◆ TASK DIRECTIONS:
Every line of the material is to be returned verbatim. Pictures stay out.

◆ DATASET SECTION:

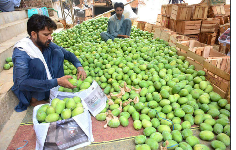
HYDERABAD: Labourers busy in packing mangoes in wooden boxes at fruits market.
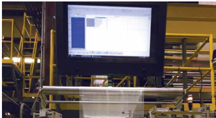
Electronic defect scanning.
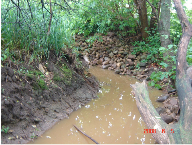
7. North of Emerald Ter. And south of Crystal Lake.

◆ TASK OUTPUT:
HYDERABAD: Labourers busy in packing mangoes in wooden boxes at fruits market.
Electronic defect scanning.
7. North of Emerald Ter. And south of Crystal Lake.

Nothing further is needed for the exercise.